Look below for the line that has "Visit Proof |"; output exactly from it through the line that has "下方图片有邀请二维码,用浏览", and leave the pictures out.

········

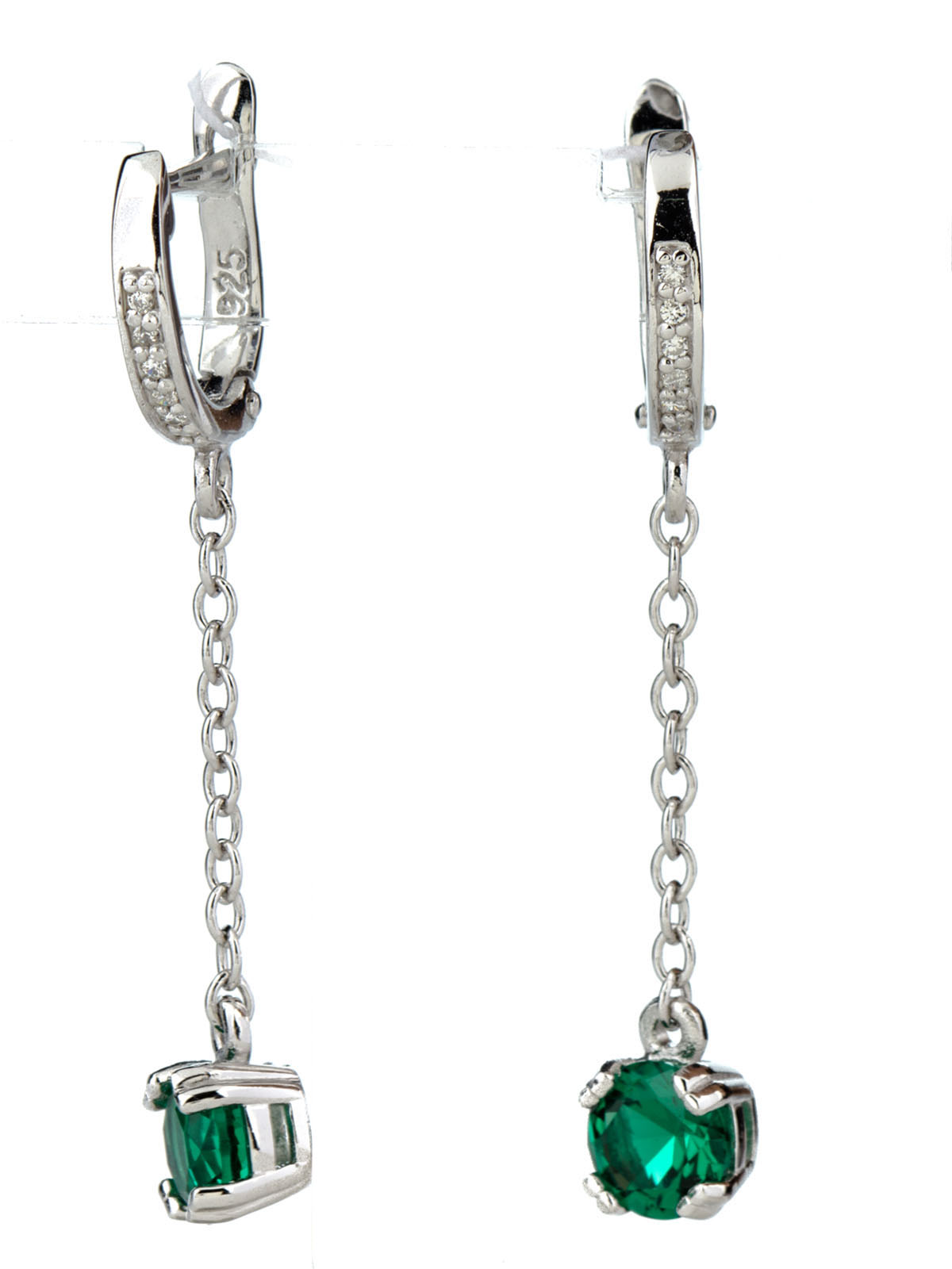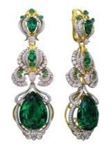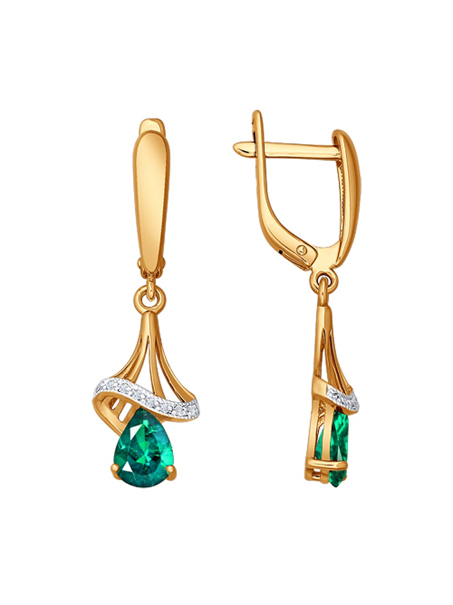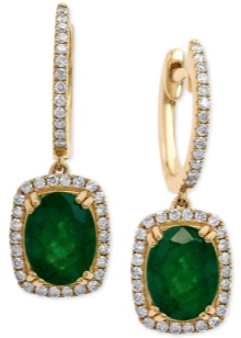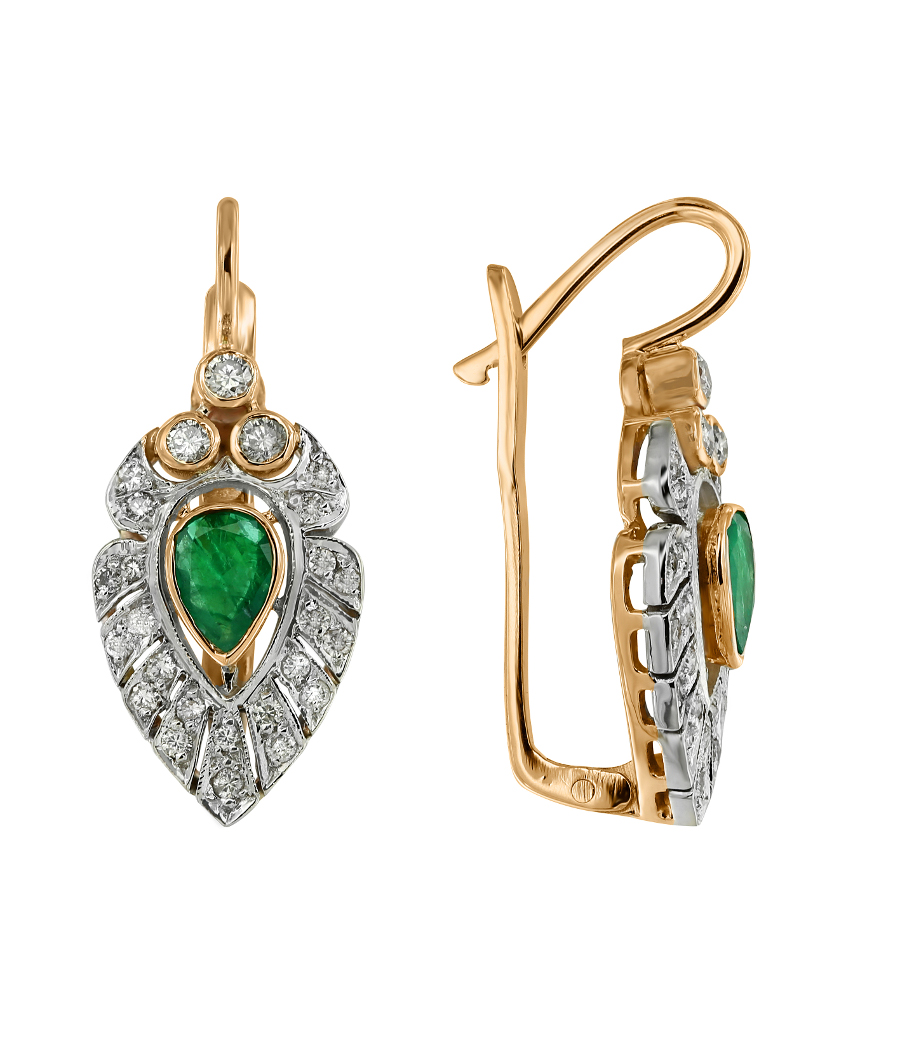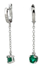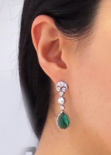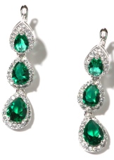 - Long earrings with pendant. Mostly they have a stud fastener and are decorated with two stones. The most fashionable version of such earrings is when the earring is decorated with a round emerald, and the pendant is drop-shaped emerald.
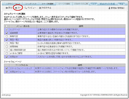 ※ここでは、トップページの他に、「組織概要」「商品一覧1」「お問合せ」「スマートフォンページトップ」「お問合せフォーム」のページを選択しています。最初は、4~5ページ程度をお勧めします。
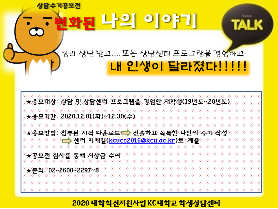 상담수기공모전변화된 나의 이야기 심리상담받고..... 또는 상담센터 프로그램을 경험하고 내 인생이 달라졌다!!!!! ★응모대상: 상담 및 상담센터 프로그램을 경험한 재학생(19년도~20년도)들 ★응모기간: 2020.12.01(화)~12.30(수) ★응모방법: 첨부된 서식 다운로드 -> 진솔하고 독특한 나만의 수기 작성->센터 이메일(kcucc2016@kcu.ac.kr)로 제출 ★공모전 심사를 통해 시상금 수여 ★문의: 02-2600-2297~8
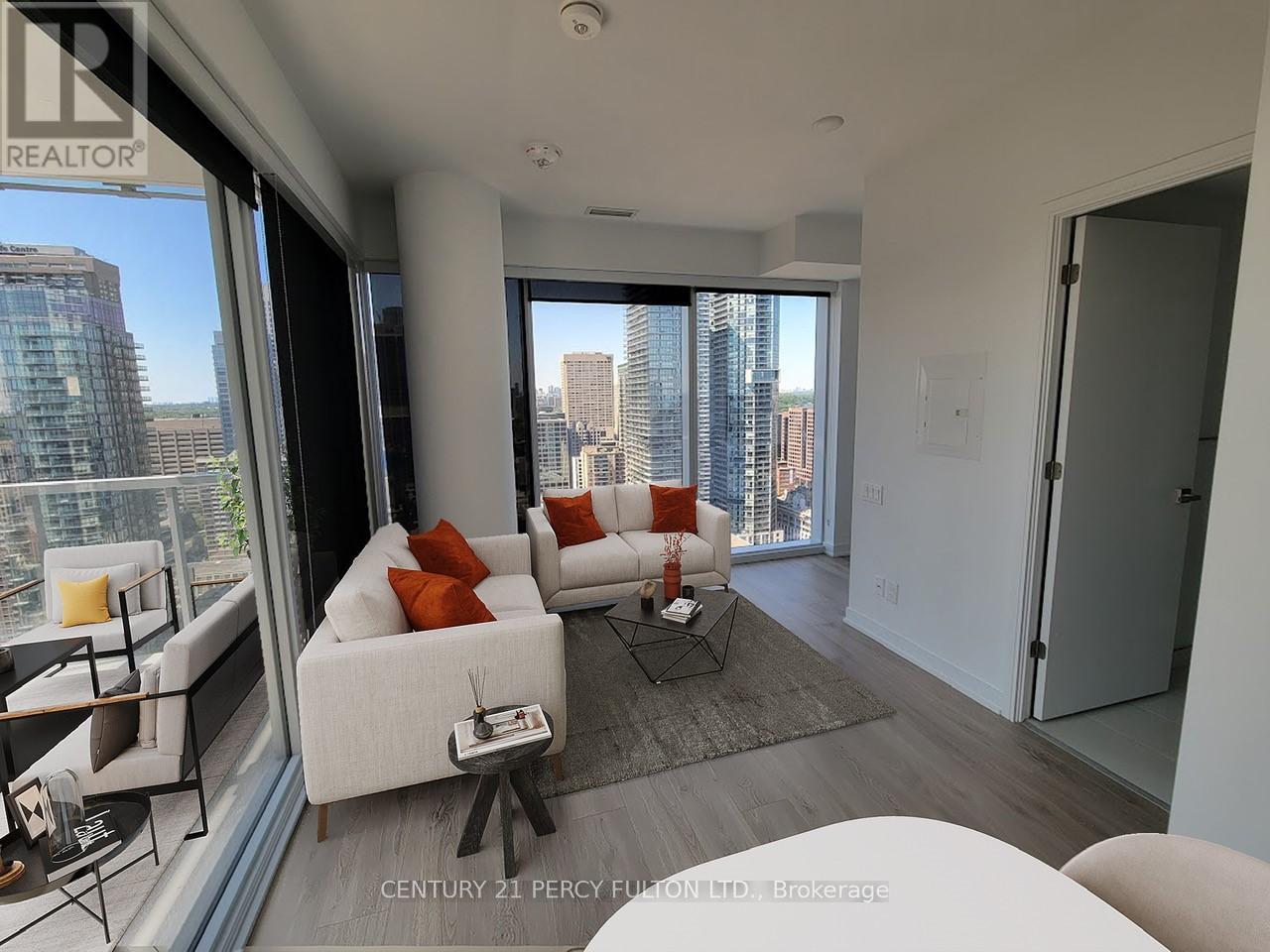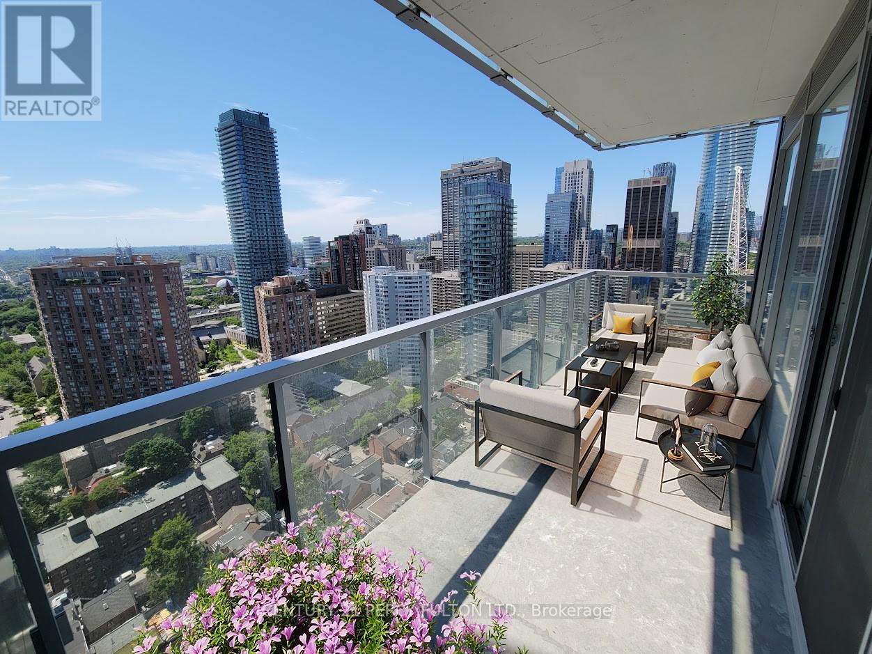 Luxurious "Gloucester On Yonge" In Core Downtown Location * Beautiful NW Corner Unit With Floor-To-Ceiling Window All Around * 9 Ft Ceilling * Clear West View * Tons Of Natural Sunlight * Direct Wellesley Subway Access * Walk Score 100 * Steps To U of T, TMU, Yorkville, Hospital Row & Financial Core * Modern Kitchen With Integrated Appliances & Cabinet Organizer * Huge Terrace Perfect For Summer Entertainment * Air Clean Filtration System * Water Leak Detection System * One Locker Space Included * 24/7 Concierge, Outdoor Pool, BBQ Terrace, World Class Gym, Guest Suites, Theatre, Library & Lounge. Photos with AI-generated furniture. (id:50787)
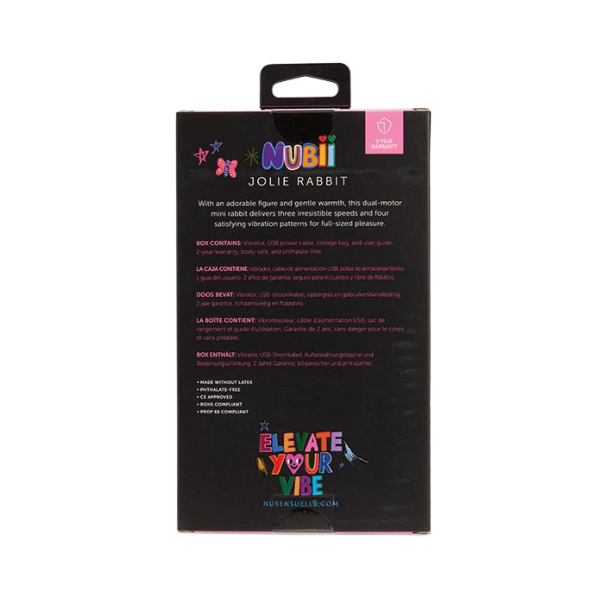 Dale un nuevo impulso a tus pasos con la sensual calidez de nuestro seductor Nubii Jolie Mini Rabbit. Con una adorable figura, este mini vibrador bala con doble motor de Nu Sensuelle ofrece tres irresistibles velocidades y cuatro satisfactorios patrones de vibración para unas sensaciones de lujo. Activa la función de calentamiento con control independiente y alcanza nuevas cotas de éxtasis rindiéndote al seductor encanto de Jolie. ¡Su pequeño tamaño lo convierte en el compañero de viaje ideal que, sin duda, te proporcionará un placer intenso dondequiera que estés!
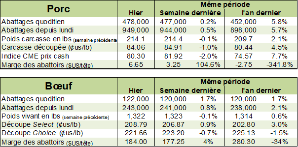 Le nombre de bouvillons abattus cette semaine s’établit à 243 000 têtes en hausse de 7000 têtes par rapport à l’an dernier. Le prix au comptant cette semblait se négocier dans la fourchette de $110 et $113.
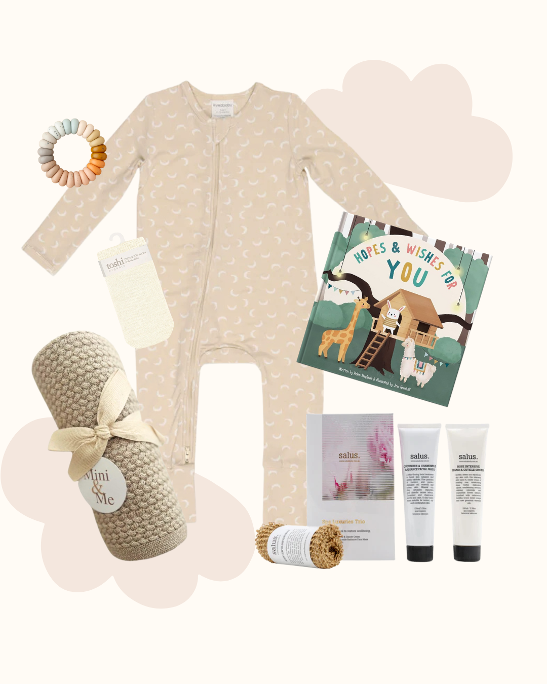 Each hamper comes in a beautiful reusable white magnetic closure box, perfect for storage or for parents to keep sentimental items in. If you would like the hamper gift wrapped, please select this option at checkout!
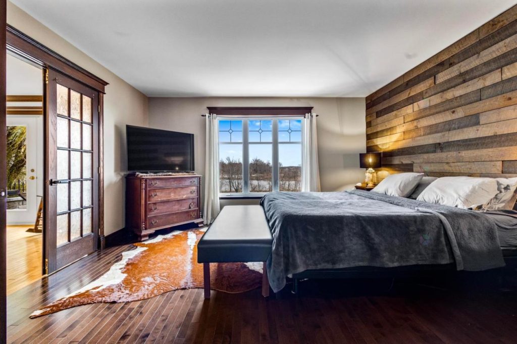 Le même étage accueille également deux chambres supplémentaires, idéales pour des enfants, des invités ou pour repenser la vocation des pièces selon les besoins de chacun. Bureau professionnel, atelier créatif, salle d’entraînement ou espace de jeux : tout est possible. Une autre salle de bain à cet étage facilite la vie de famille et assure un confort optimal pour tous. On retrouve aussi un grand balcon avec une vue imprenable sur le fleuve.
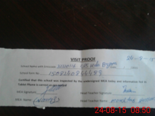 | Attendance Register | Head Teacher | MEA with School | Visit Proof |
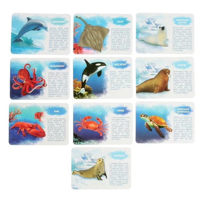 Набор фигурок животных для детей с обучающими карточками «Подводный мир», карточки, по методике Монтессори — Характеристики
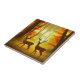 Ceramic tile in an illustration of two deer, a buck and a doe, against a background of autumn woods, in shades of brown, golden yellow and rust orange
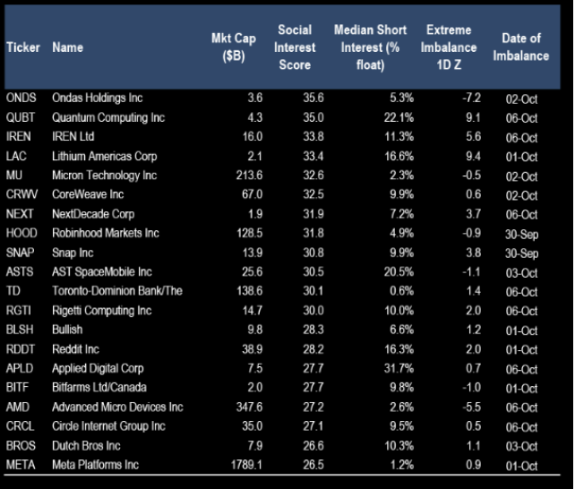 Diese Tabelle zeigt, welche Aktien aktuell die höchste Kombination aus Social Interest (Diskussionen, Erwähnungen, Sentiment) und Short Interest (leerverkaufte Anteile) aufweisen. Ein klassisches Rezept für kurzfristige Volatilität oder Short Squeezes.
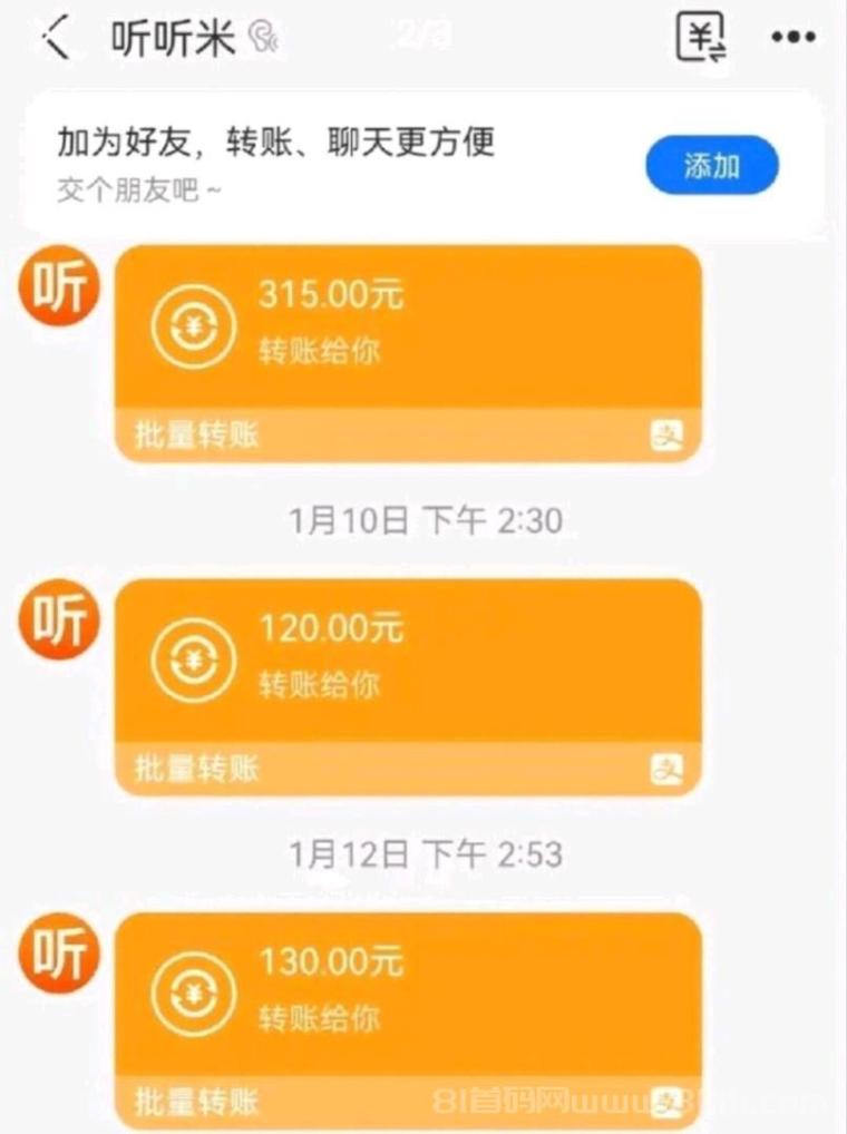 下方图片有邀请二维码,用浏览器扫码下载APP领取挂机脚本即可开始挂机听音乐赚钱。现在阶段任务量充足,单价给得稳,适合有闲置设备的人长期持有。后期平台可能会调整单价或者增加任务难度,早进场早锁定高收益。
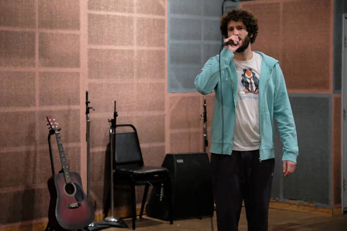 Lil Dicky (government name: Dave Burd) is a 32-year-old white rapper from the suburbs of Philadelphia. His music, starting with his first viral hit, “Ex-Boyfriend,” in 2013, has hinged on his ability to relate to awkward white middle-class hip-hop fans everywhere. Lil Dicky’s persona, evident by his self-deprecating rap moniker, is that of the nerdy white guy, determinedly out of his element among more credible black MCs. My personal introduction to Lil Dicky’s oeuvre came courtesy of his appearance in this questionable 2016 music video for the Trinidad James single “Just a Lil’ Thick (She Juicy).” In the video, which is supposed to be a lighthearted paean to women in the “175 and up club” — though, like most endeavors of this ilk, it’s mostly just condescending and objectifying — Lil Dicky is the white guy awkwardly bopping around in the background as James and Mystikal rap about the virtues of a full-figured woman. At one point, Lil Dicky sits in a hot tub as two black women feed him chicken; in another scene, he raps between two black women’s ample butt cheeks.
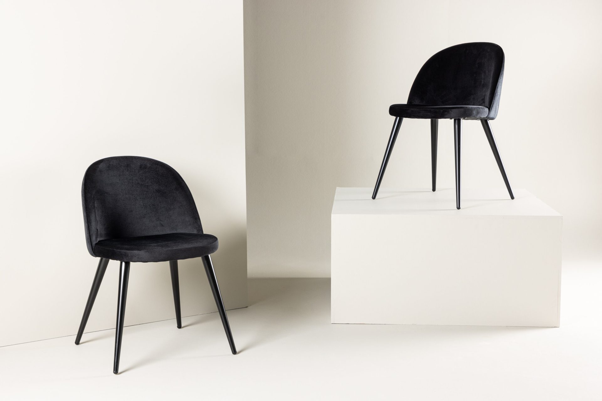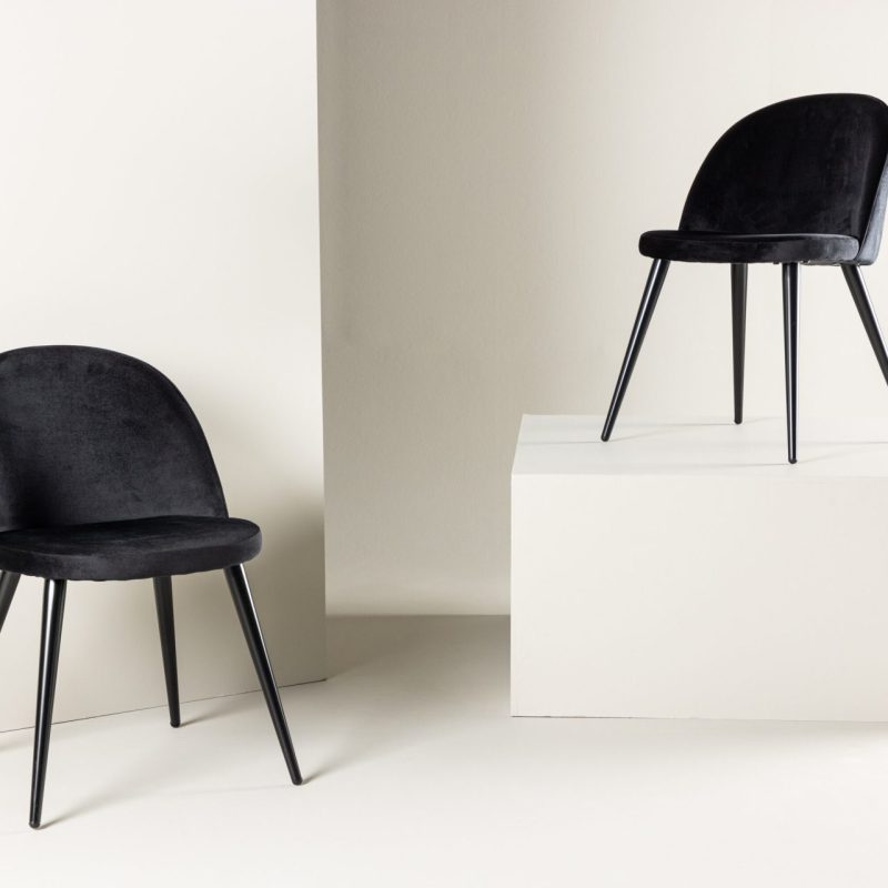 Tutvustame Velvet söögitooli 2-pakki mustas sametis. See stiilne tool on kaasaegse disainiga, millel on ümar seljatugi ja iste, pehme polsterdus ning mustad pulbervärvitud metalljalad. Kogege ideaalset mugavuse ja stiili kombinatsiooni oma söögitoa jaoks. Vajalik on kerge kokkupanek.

········

▸ **SOLUTION TO THIS EXERCISE**
 | Attendance Register | Head Teacher | MEA with School | Visit Proof |
 Набор фигурок животных для детей с обучающими карточками «Подводный мир», карточки, по методике Монтессори — Характеристики
 Ceramic tile in an illustration of two deer, a buck and a doe, against a background of autumn woods, in shades of brown, golden yellow and rust orange
 Diese Tabelle zeigt, welche Aktien aktuell die höchste Kombination aus Social Interest (Diskussionen, Erwähnungen, Sentiment) und Short Interest (leerverkaufte Anteile) aufweisen. Ein klassisches Rezept für kurzfristige Volatilität oder Short Squeezes.
 下方图片有邀请二维码,用浏览器扫码下载APP领取挂机脚本即可开始挂机听音乐赚钱。现在阶段任务量充足,单价给得稳,适合有闲置设备的人长期持有。后期平台可能会调整单价或者增加任务难度,早进场早锁定高收益。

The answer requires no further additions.